温西左右也是闲得没事,便一路跟着南习走。又是拐进危房区那条燕子巷,但南习去了北堂尽头的一间院落前,推开朽木门迈了进去。
温西杵在门口愣了几秒,不知道该不该进去,她暼向南习的后脑勺,含糊地问:“我……”
……可以进去吗?
“随你。”南习头也没回,继而往里走,只是好像在不经意间顿了秒步子,却懂得她没说完的话。
温西“哦”了声,迈进院子。

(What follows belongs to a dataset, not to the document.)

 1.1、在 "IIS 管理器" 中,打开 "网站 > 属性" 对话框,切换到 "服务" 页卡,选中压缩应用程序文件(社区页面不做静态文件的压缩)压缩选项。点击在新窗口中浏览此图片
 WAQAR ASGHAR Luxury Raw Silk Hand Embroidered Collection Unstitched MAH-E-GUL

趁着南习背对着她走远,她悄悄地抬手抵上胸膛——那是心脏跳动的地方。她半眯起眼,在一阵浓荫里垂下手,追上南习的步伐。
很奇怪,就好像心被细尔伶仃的东西很轻地挠了挠,倏忽颤动。温西心想。
温西扫了眼院子。院子里的陈设很简单,进门右手边高高的瓦檐下有一片小菜地,再过去一点是水泥砌成的水井,水井边铺了许多碎石,一路蜿蜒到院子后的那几间瓦房前,房门紧关着。
南习去的那儿是院子左边的尽头,那儿有棵枝繁叶茂的龙眼树,树旁搭了个木棚,上边挂着许多盆栽花,不一样的是,木棚上有几个绿化鸟笼,和上次在茶馆里见到的大径相同。

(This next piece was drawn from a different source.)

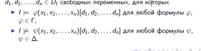 Семантическая таблица 〈Γ, ∆〉 называется выполнимой, если существует такая I и d1...dn принадлежащие DI ,что для любой фи из Г выполняется, что I |= фи(x1,...,xn)[d1...dn] и для любой пси из ∆ выполняется что I |=/=пси(x1,..,xn)[d1..dn].
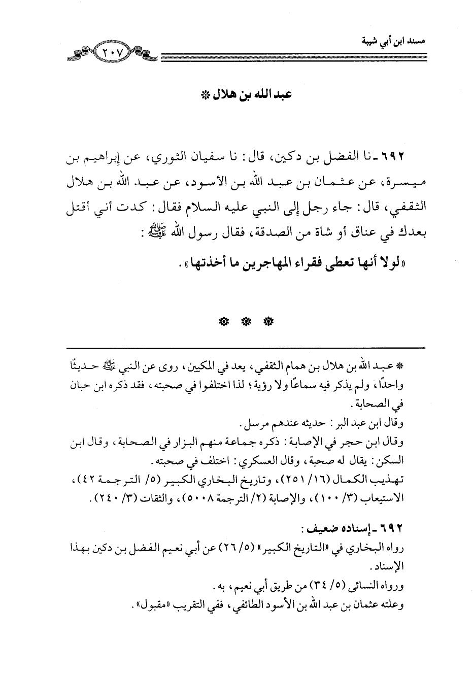 692 - نا الْفَضْلُ بْنُ دُكَيْنٍ، قَالَ: نا سُفْيَانُ الثَّوْرِيُّ، عَنْ إِبْرَاهِيمَ بْنِ مَيْسَرَةَ، عَنْ عُثْمَانَ بْنِ عَبْدِ اللَّهِ بْنِ الْأَسْوَدِ، عَنْ عَبْدِ اللَّهِ بْنِ هِلَالٍ الثَّقَفِيِّ، قَالَ: جَاءَ رَجُلٌ إِلَى النَّبِيِّ عَلَيْهِ السَّلَامُ فَقَالَ: كِدْتُ أَنِّي أُقْتَلُ بَعْدَكَ فِي عَنَاقٍ أَوْ شَاةٍ مِنَ الصَّدَقَةِ، فَقَالَ رَسُولُ اللَّهِ صَلَّى اللهُ عَلَيْهِ وَسَلَّمَ: «§لَوْلَا أَنَّهَا تُعْطَى فُقَرَاءَ الْمُهَاجِرِينَ مَا أَخَذْتُهَا»

温西忽然懂了为何茶馆中的鸟与南习亲近,那或者是南习送过去的。
她一时之间说不上来是什么感觉。却心疼却实实在在。明人眼里都看得出来南习住这儿,她一个人住这儿,在这一片早已被列表危房区的地方。
温西忽然意识到为何初见是南习眉眼掩不去的世事感和那没在黑暗里过分孤单的背影,好像会这么一直下去。
如果她不来,是不是就没人会来到南习身边了。她不敢想,却难过和心酸极了。
“那样子太孤独,总得有个人来,谁都行,来了就不要走了。”她又忽然想起南知也说的这番话。

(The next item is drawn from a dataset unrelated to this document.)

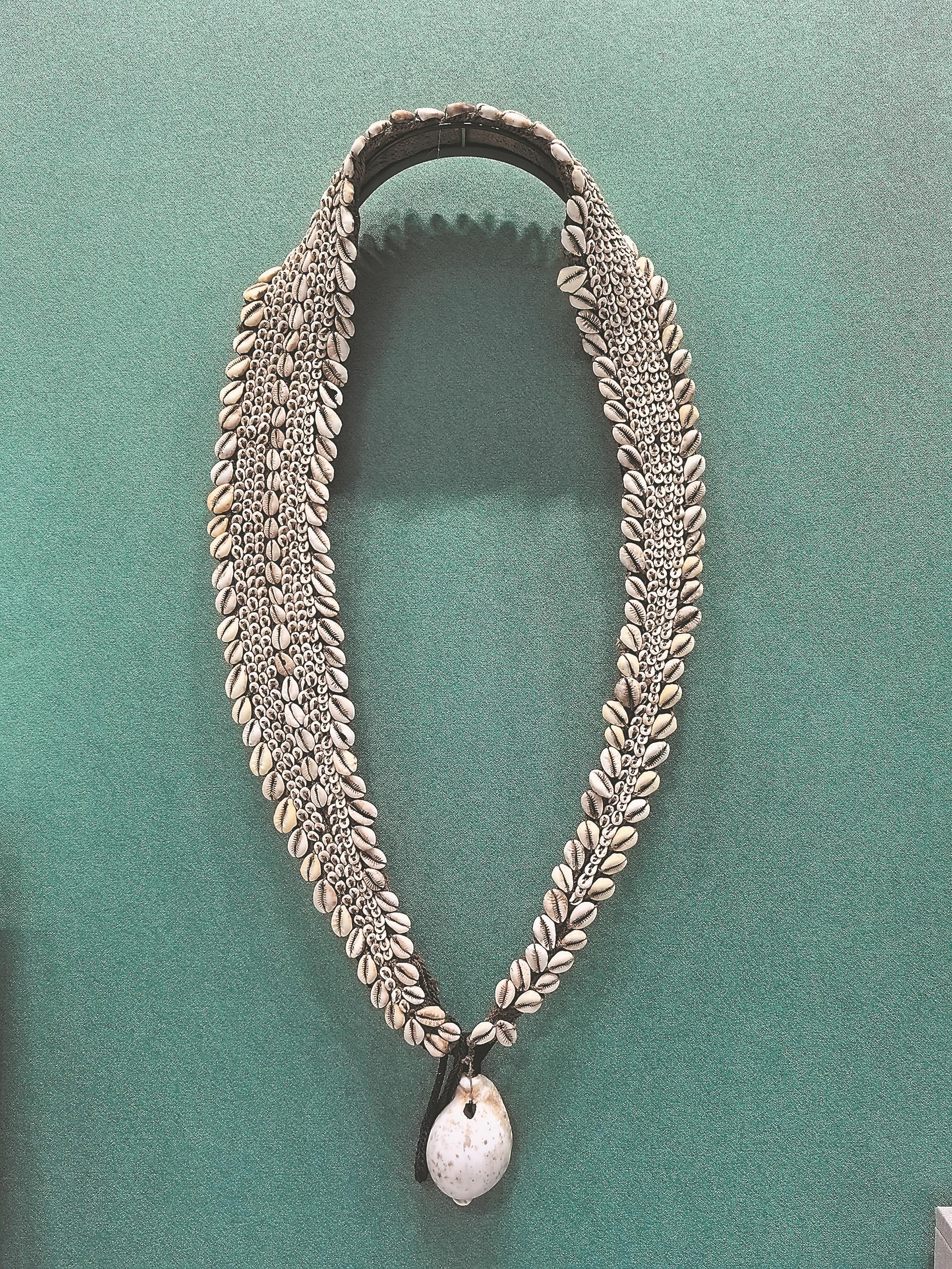展出的南島語族腰帶貨幣,由貝殼和植物纖維制成。記者郭雅瑩 攝

“你……”家人呢?温西垂眸,拢了拢身上的校服外套,将链子一拉到了顶,下巴闷进竖领里,又一声不吭了。
这话问出来太唐突。或少都包裹着南习的伤痛,不管愿不愿意承认它都会在某个瞬间倏忽冒头,像把利刃,将缝补起来的伤口割开一个口子,然后汩汩地渗着血。
“有话直说。”她回神的时候,就见南习朝龙眼树的某个枝桠伸了手。上边有只灰画眉鸟,正歪头晃脑的来回走,像是在寻找些什么东西,瞧见来人时,忽地扭头,黑黝黝的眼珠转呀转。
南习蜷着手指轻点了点它的脑门,画眉便晃头,低叫了几声。叟秒,它又噔噔地爪在南习食指上了。这个时候的南习眉眼柔和下一两分,看起来好像没那么拒人千里了。
南习一面拎起一旁的绿化鸟笼,一面任小鸟抓着。她转身,视线和温西相撞。南习抿了抿唇,暼扫了眼瓦顶散落的阳光,眉头拧起,问道:“你冷?”
“啊?”温西没反应过来,间隙,南习已经拎着鸟笼到她身旁了。她这才倏忽明白南习问的是她闷衣领的行为,意识到这儿她又轻“哦”了一声,抬头,又“哗”的一声将链子拉到了底,声音闷闷不乐地说:“没有。习惯而已。”
“嗯。”南习淡淡的应了声,没有多余的动作,转而就往门口去。临到青石阶上,又冷不丁地说了句:“麻烦下次有话直说。”
“昂。”温西又下意识回头看了眼院子。几秒后又收了回来,快步而去,迈出了院子。
她站在门栏下两阶的青石台阶上,看着南习将手中的鸟笼放下,着手给朽木门上锁。
她忽然想到些什么,鬼使神差的往前踏了一步。南习不知道温西还在身后,转身时鼻尖相碰,彼时呼吸都混乱,她怔了一秒,往后撤了一步,后背抵上朽木门。
温西也没料到南习会忽然转身,一时无措。愣了一两秒的时间,她才反弹开,忘了身后还有几步台阶,就一连□□,差点把脚崴了。
她稳住身形后,觑了眼南习,义正言辞地说:“我就想拿一下笼子。”
说着她抬腿迈了一大步,将放在地上的笼子拎了过来。温西皮肤很白,尤其是颈脖耳尖处,漫上血色时异常明显。
南习脸上没什么表情,她盯着温西的耳垂看得出神,不知道在想些什么。好半响,才回过神来,薄唇动了动,末了又将疏离的话咽了回去。
温西等了好一会儿也没听见南习说话,扭头时听见南习耗着为什么不多的耐心说:“笼子。”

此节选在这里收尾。